Шрифт:
— Езжай. Я… Буду скучать. И ребята тоже.
— Меня не будет пару месяцев всего. К зиме приеду. Буду очень спешить. Можешь со мной поехать. Я бы хотел.
— Ты извини, но тут дел полно. Сам знаешь. Нам зимовать ещё. Сейчас самая охота и рыбалка, через месяц собирать зерно и муку делать. Да и огород… Заготовки.
— Ты таки решила стать домохозяйкой? — улыбается.
— Тьфу на тебя, я каждый год помогаю Грише готовить припасы. И урожай собираю сама. В этом году помощники есть. Вон, растут, — киваю на резвящуюся малышню, — Мы можем довезти тебя до обжитых мест. Потом надо возвращаться.

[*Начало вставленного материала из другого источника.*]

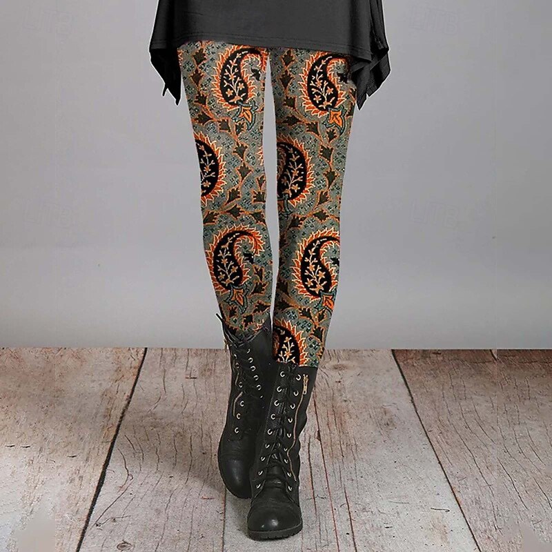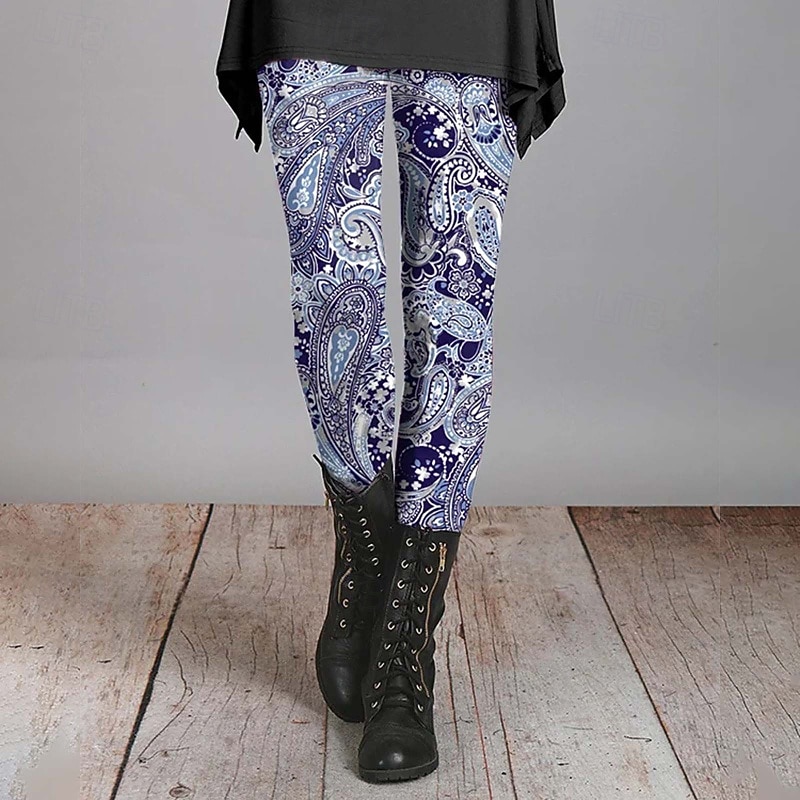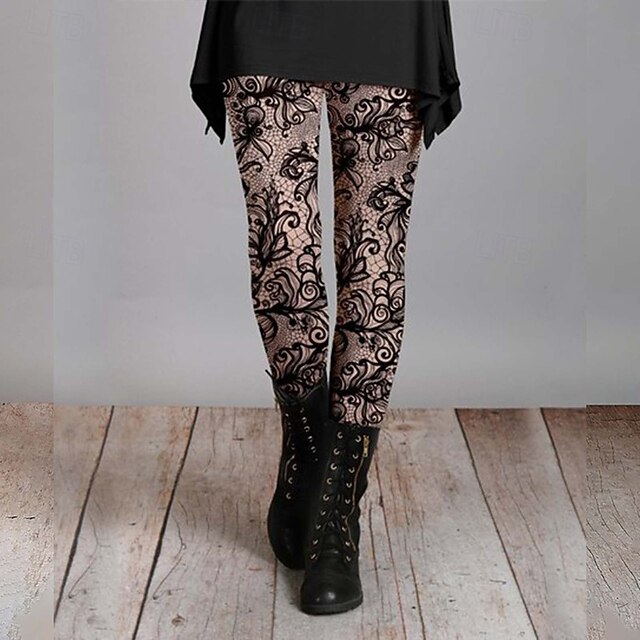HOT ! Women's Slacks Leggings Cozy Leggings Streetwear Casual Full Length Natural Flower Elastic Waist Print Comfy Outdoor Comfortable Outdoor Vacation Weekend Navy Pink Dark Green Fuchsia Fall Regular Fit

— Отличная идея. Может, все же со мной? Тут присмотрят.
— Извини. Не могу.
Мы отвезли его до ближайшего города на избушке, высадили, и тут же очень быстро помчались домой. Даже не попрощались толком. Я опять чувствовала опасность. Он уехал. Скучала, но упорно не смотрела, где он. Сказал, что его не будет пару месяцев, значит, месяц точно ехать будет. Домой? Возможно. Я ведь ничего о нём не знаю. Даже фамилии. Попыталась воспитать себя и не подглядывать. Нечестно это. Через три недели не выдержала.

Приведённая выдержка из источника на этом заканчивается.